From Handel's Home - The Keyboards of Handel Hendrix House. Julian Perkins. © 2024 Delphian Records Ltd

Spotlight

Sumptuously Fragile Sounds

GERALD FENECH joyously recommends keyboard music from Handel's home in London

'Technically flawless performances ...'

 

Born in Halle, Germany, on 23 February 1685, Georg Frideric Handel lived the greatest part of his life in England. Indeed, soon after arriving there in 1712, Handel made his home in London and eventually became a British citizen in 1727. The composer was the first occupant of 25 Brook Street, which he rented from 1723 until his demise in 1759.

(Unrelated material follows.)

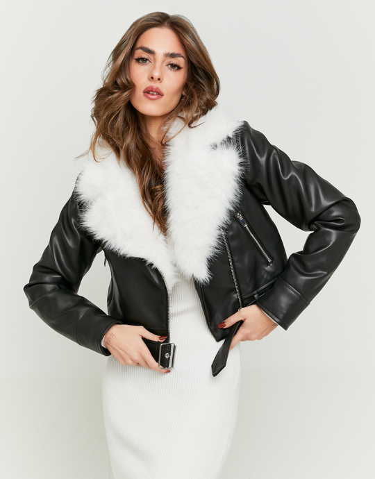 Giacca Biker Nera con Finta Pelliccia

Almost all his works after 1723, amongst them many of his best-known operas, oratorios and ceremonial music, were composed and partially rehearsed in the house, which contained a variety of keyboard instruments, including harpsichords, a clavichord and a small chamber organ.

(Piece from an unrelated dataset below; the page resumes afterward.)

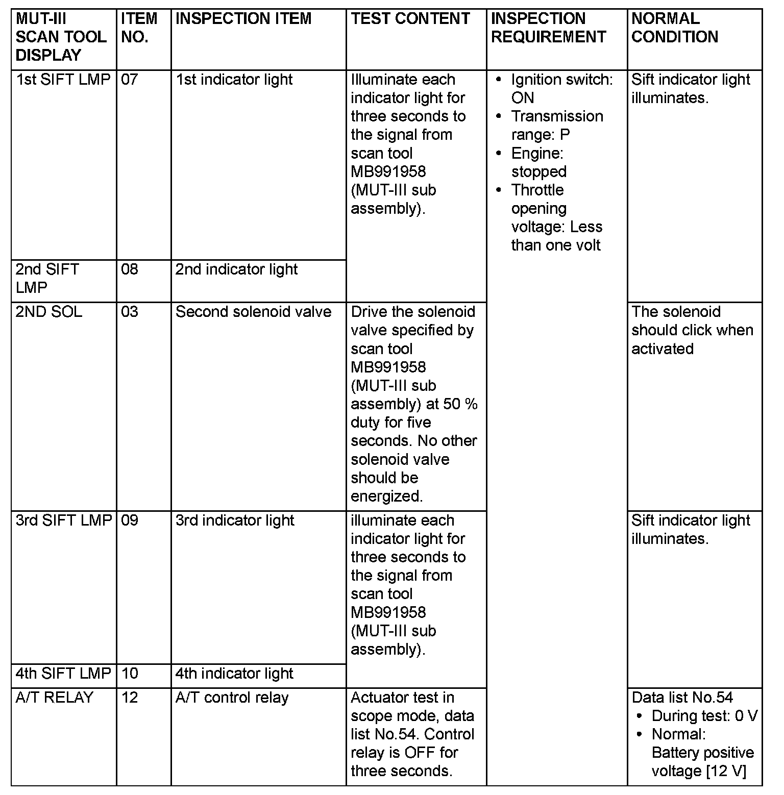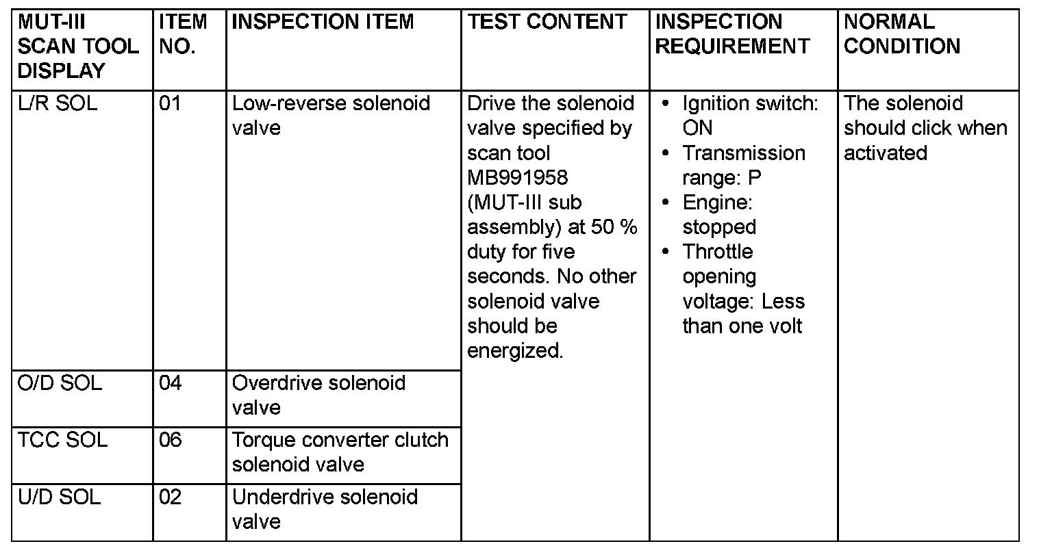 Actuator Test Reference Table

Listen — Handel: Fugue in G (Concerto Grosso Op 6 No 1)
(DCD34314 track 15, 0:00-0:58) ℗ 2024 Delphian Records Ltd :

In 1959 the musicologist Stanley Sadie came up with the idea of turning the house at 25 Brook Street into a museum, but it took thirty years for Sadie and his wife Julie Anne to start seeing their dream becoming a reality. Together they set up the Handel House Trust, the charity which oversaw the conversion of the house into a museum.

Incidentally, a great guitarist of the 1960s and 1970s also lived at 23 Brook Street. Indeed, Jimi Hendrix moved into a third-floor flat next door at No 23 in 1968. Both Handel and Hendrix came to London to become a star, so it is fitting that a museum dedicated to these two musical legends is in London. This is the only Hendrix home in the world that is open to the public.

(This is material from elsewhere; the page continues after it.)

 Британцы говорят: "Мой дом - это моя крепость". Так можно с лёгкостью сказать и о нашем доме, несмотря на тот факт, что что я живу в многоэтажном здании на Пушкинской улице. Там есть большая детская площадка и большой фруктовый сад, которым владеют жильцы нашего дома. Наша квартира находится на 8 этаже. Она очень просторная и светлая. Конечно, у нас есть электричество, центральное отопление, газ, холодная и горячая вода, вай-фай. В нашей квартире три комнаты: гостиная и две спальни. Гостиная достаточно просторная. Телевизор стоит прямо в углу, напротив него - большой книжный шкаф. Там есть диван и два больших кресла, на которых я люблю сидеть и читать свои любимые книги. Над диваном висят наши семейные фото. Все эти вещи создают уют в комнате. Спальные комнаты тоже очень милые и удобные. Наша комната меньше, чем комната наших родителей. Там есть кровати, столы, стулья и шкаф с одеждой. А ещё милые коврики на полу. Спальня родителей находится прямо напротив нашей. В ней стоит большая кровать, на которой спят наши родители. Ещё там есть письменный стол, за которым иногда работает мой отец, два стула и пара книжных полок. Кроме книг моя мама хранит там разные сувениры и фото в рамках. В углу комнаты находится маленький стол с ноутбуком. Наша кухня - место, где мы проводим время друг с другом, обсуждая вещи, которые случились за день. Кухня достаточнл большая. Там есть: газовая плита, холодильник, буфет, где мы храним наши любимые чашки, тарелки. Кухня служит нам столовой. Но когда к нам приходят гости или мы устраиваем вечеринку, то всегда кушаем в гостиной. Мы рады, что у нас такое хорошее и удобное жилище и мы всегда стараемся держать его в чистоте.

After Handel's death in 1759, his musical instruments passed to John Christopher and his son of the same name, two people who helped Handel in no small way whenever the composer found himself in difficulties. Like hundreds of memorabilia, these instruments are today also housed in this Handel Hendrix House in London's Mayfair, and this particular collection comprises a good number of keyboard instruments - spinets, organs and harpsichords - both originals from Handel's own day and reproductions, representing a roster of some of the greatest names from Kirckman and Smetzler to Geotze and Gwynn and Bruce Kennedy's copy of the Colmar Ruckers harpsichord.

Listen — Handel: Adagio (Suite No 2 in F)
(DCD34314 track 7, 0:00-0:55) ℗ 2024 Delphian Records Ltd :

This special programme focuses on keyboard works by Handel performed on these particular instruments by Julian Perkins, the acclaimed and ever-thoughtful keyboard specialist. For many reasons, this recital is indeed unique in that it conjures up a treasure trove of the timbres and sounds that would have been heard when Handel and his colleagues played music in these very rooms: original works and arrangements by the master himself and his contemporaries.

This is a superb programme which also includes pieces by William Babell, Thomas Roseingrave, Rhian Samuel, Domenico Scarlatti, John Stanley and Georg Philipp Telemann.

Listen — Telemann: Gratieusement (Fantasia in B flat)
(DCD34314 track 19, 1:28-2:13) ℗ 2024 Delphian Records Ltd :

This compilation is full of sumptuously fragile sounds whose rhythmic flow instils in the listener a longing for peace and happiness. Technically flawless performances complete an issue of great historic value that takes us back to Handel's London home in flesh and blood. Joyously recommended.